Matt Welch dares to offend his ink-stained friends:
Blaming the customer is the second-to-last refuge of any crappy industry, business, or organization (the last refuge being asking for a handout on Capitol Hill). As my ex-L.A. Times colleague and current Reason magazine Contributing Editor Tim Cavanaugh has noted in our pages, the paper we both short-timed for was filled with people making jokes about whether we could just "fire our readers."

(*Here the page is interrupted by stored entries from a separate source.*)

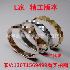 欧美外贸钛钢手镯男女印花老花经典镀黄金镶钻时尚饰品...
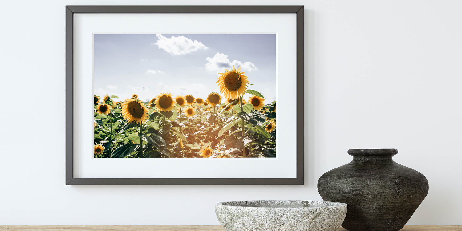 - High-resolution print capturing the bright colors and stunning textures of sunflowers in bloom
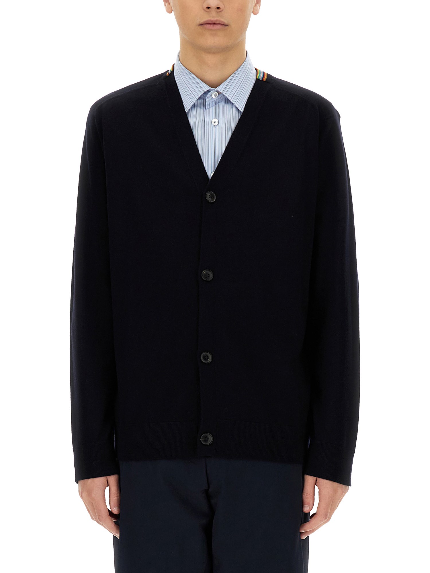 Experience the perfect blend of style and comfort with the Paul Smith Merino Wool Cardigan. Crafted from luxurious merino wool, this cardigan offers exceptional warmth and breathability, making it an ideal layering piece for any season. Its tailored fit and classic design ensure versatility, whether you're dressing up for a formal occasion or keeping it casual. Elevate your wardrobe with this timeless staple that combines quality craftsmanship with the signature Paul Smith flair.
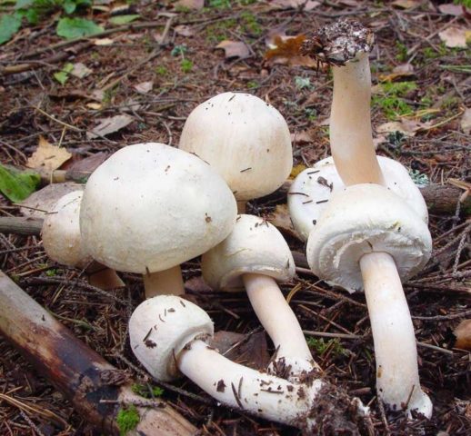 - De piel amarilla - un espécimen venenoso, cuando se ingiere provoca una intoxicación alimentaria grave. El hongo se puede reconocer por su superficie de color blanco amarillento con motas parduscas en el centro. Cuando se presiona, aparece una mancha amarilla. La pulpa es de color marrón, cuando se cocina, aparece un fuerte olor fenólico.
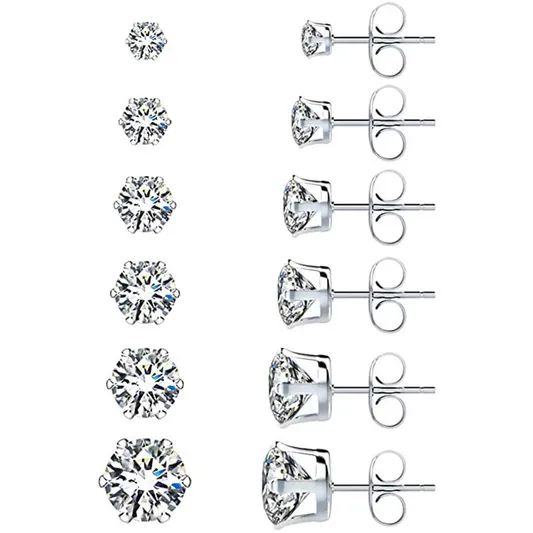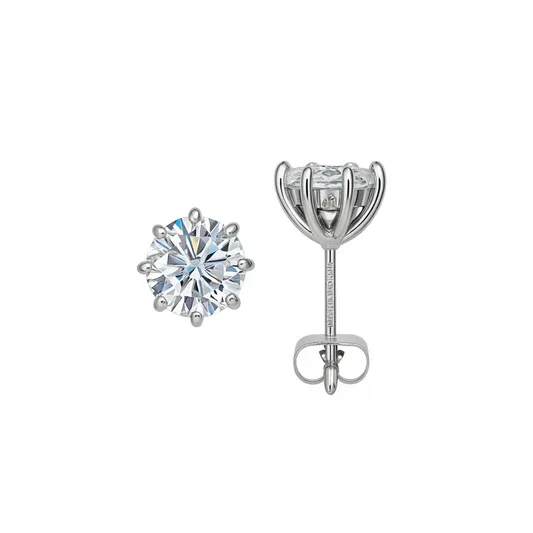 Classic Six-Claw Round Zircon Stud Earrings For Women Engagement Alloy Jewelry
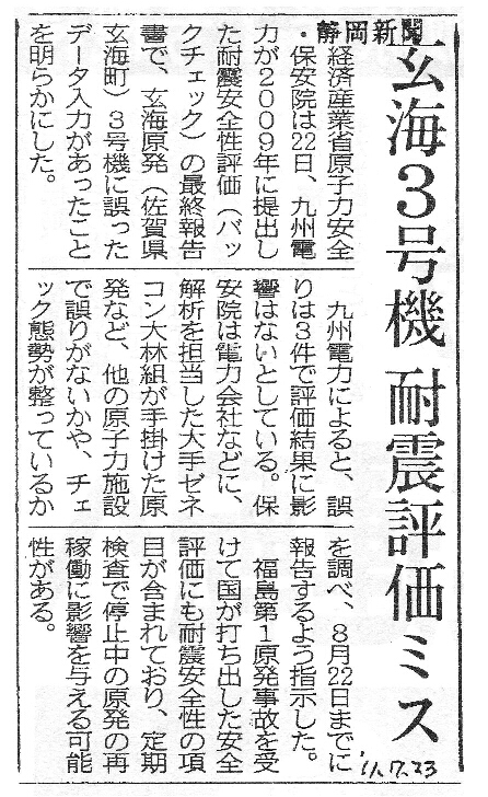 [2011_07_23_01]玄海3号機 耐震評価ミス(静岡新聞2011年7月23日)
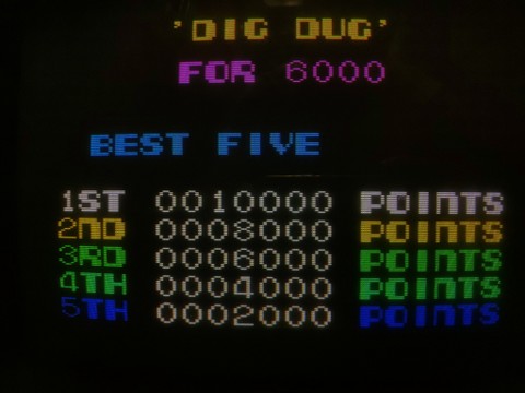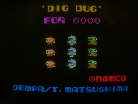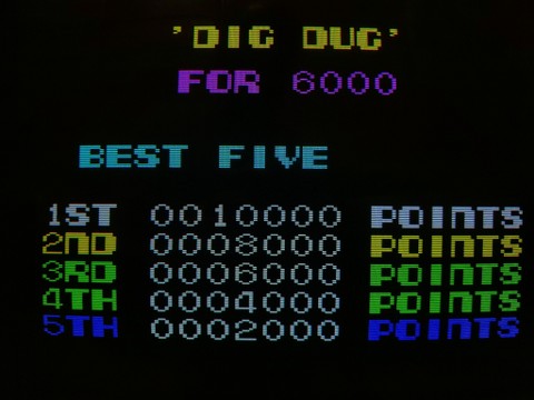 The title and high score screens have some noticeable differences, for example the 8-color mode completely lacks orange, and the 15-color mode has differently mapped shades of blue, and although it came out a bit subtle in the photo, two shades of green (the 3rd and 4th high scores). But the major difference is in gameplay. The colors in 15-color mode are more natural because 8-color mode doesn’t output brown. The 15-color mode matches the colors output over composite on the PC-6001mkII (non-SR version).
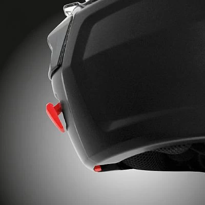 Exklusives Öffnungssystem des DUAL ACTION-Kinnschutzes. In der Mitte des Kinnschutzes positioniert, ermöglicht es ein einfaches Öffnen mit einer Hand. Der Dual-Action-Öffnungsmechanismus reduziert das Risiko eines versehentlichen Öffnens: Der Kinnschutz kann nur durch Betätigen des ersten Entriegelungshebels (oder der Sicherheitssperre) und anschließendes Betätigen des zweiten Hebels geöffnet werden.
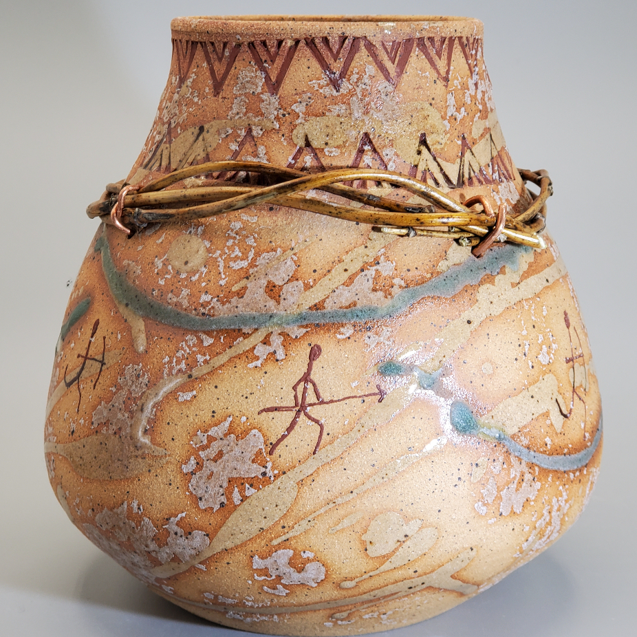 Ma démarche est intimement liée à une quête identitaire de mes racines et au désir de me réapproprier l’héritage culturel que m’ont légué mes ancêtres Hurons Wendat « le peuple insulaire ». Naviguant entre les modes traditionnels et actuels, mes créations se distinguent par le caractère organique, voire primitif, qu’elles dégagent. La juxtaposition de l’argile brute et des décors de surface confère à mes pièces un attrait singulier et intemporel. Mon processus créatif trouve également sa source dans l’art rupestre que m’inspirent les pictogrammes et pétroglyphes.
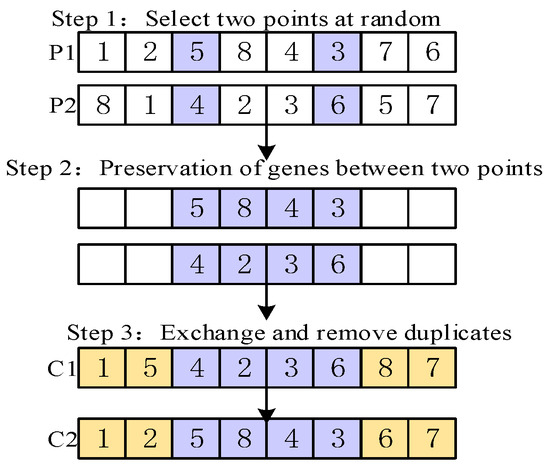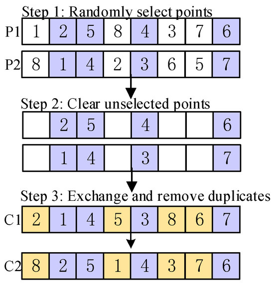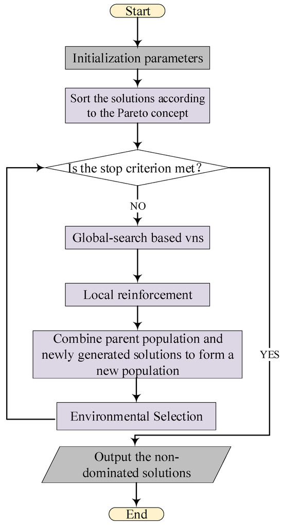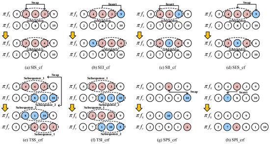 The primary structure of the BNMOEA outlined in Figure 3 is derived from the AGEMOEAII algorithm, which is itself grounded in the Pareto frontier and is known for its strong convergence and diversity characteristics. The differences between BNMOEA and AGEMOEAII are as follows: (1) Replace the original initialization method with a hybrid initialization method. (2) Replace order crossover with three crossover operators. (3) To further enhance the local search capability, a variable neighborhood search strategy is introduced, which is centered around critical factories.
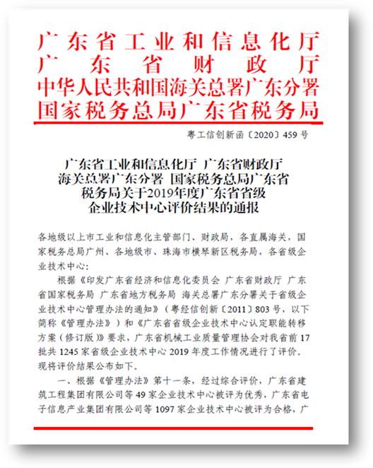 顺利通过“2019年度广东省省级企业技术中心” 评价。
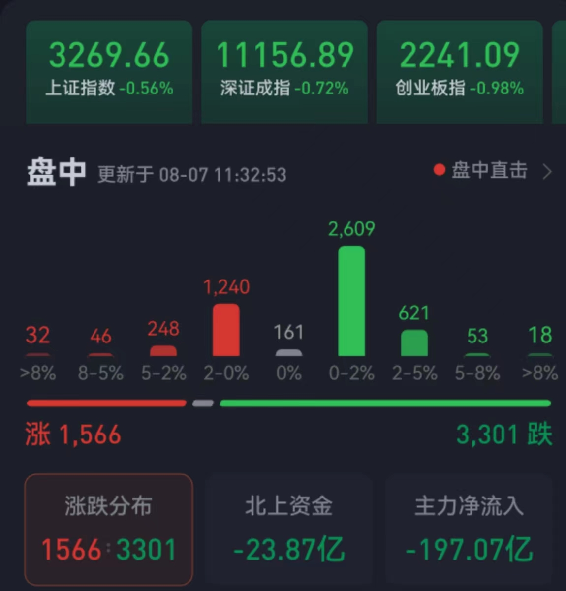 周一(8月7日),三大股指震蕩回落,全線飄綠。截至上午收盤,上證指數(shù)跌0.56%,報(bào)3269.66點(diǎn);深證成指和創(chuàng)業(yè)板指分別跌0.72%和0.98%;滬深兩市合計(jì)成交額5766.5億元,總體來(lái)看,兩市個(gè)股跌多漲少。超3300只個(gè)股出現(xiàn)下跌,其中,漲停個(gè)股達(dá)23只,跌停4只。
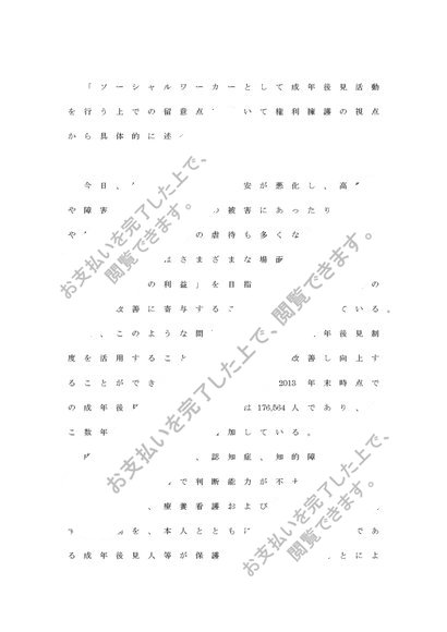 ソーシャルワーカーとして成年後見活動を行う上での留意点について権利擁護の視点から具体的に述べよ。 A評価
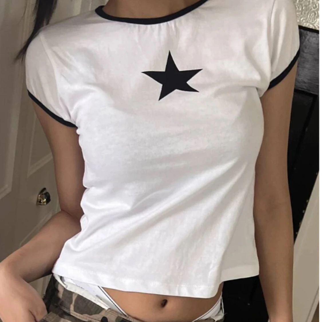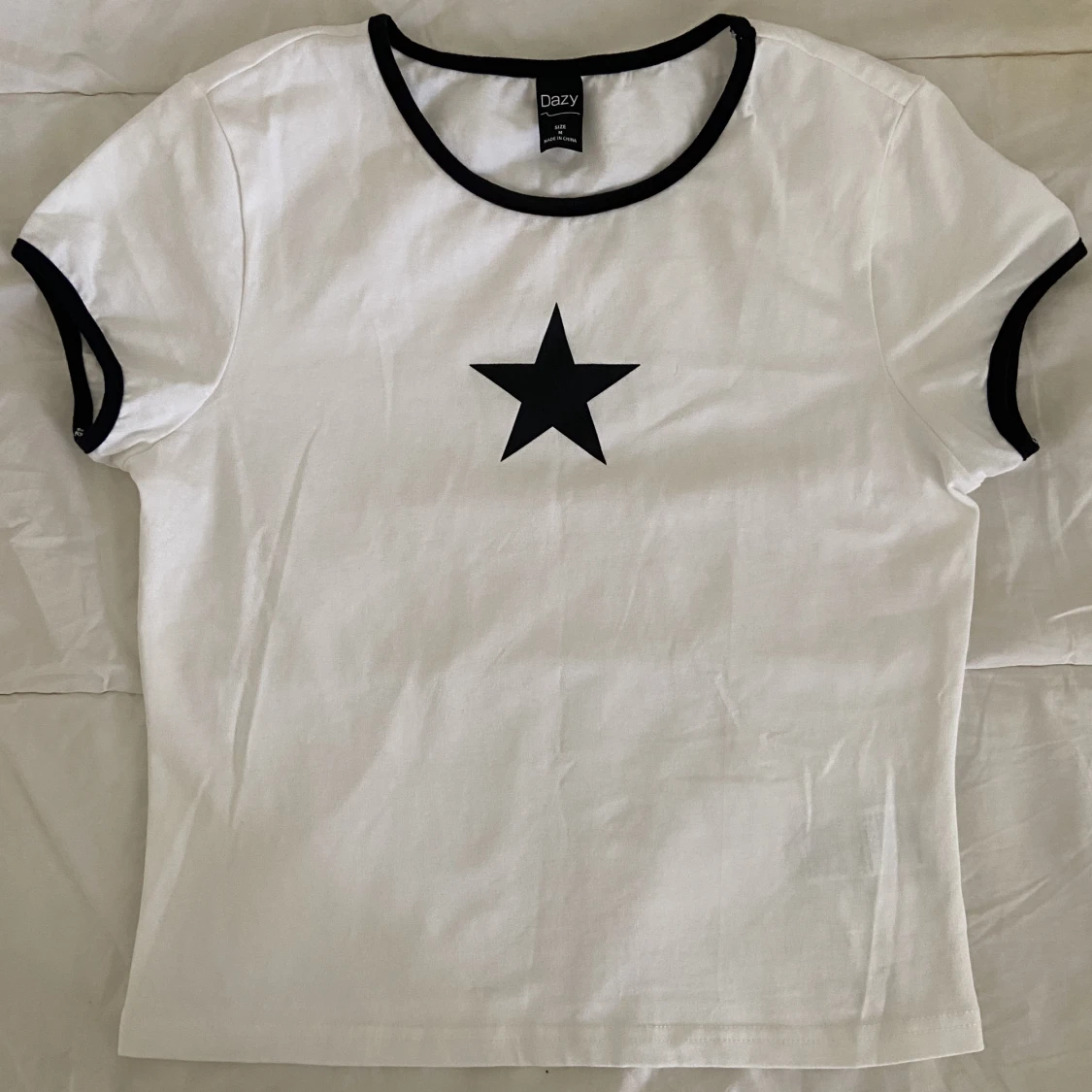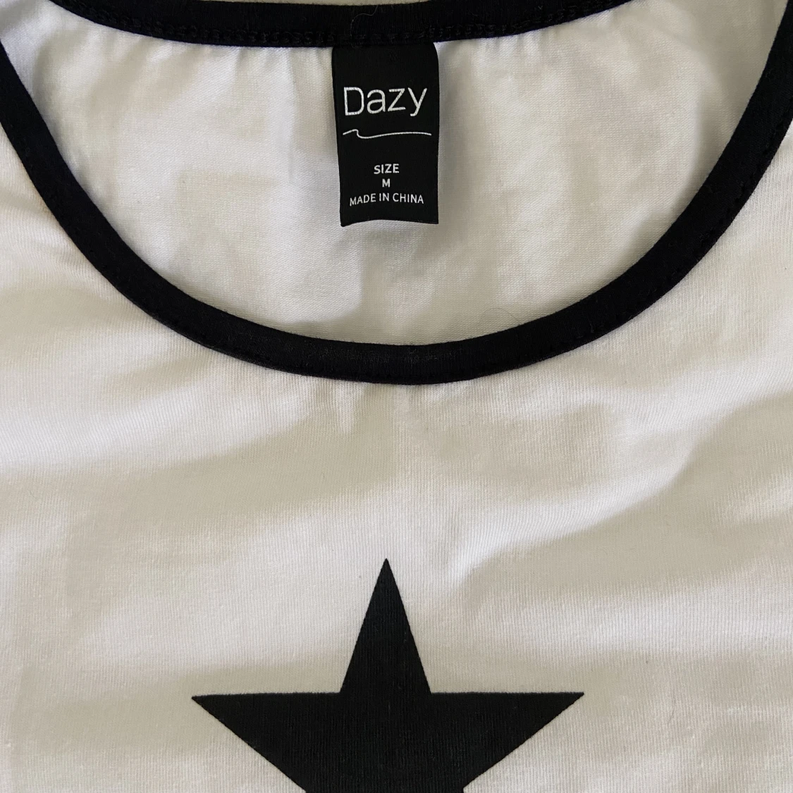 En jätte fin vit tröja men en stjärna i mitten, den passar till allt och är jätte bekväm! Jag använde den aldrig på grund av storleken. Den är i storlek M men den är lite mindre. :)

Over the recent holidays, an entire journalistic Festivus celebration of customer-blaming broke out over New Yorker finance columnist James Surowiecki's lament that, "The real problem for newspapers…isn't the Internet; it's us. We want access to everything, we want it now, and we want it for free." To extrapolate, if only us greedy human beings would realize that our very democracy was at stake, that we "are taking an active step in the formation of a country without a civic conscience," then we'd damned well volunteer to pay an unnecessary premium to keep our finest journalists in permanent six figures. Sounds precisely as convincing as the argument that enlightened voters will surely agree to pay extra taxes so that political campaigns can be financed through "clean" money.
At the risk of alienating what few old newspaper pals of mine still have jobs, the industry they (and I!) so cherish, which has suffered mind-blowing valuation losses and several dozen rounds of downsizing both in personnel and column inches, is still bloated after all these years, with costs that no publisher would dream of incurring if he was starting a newspaper from scratch in 2009.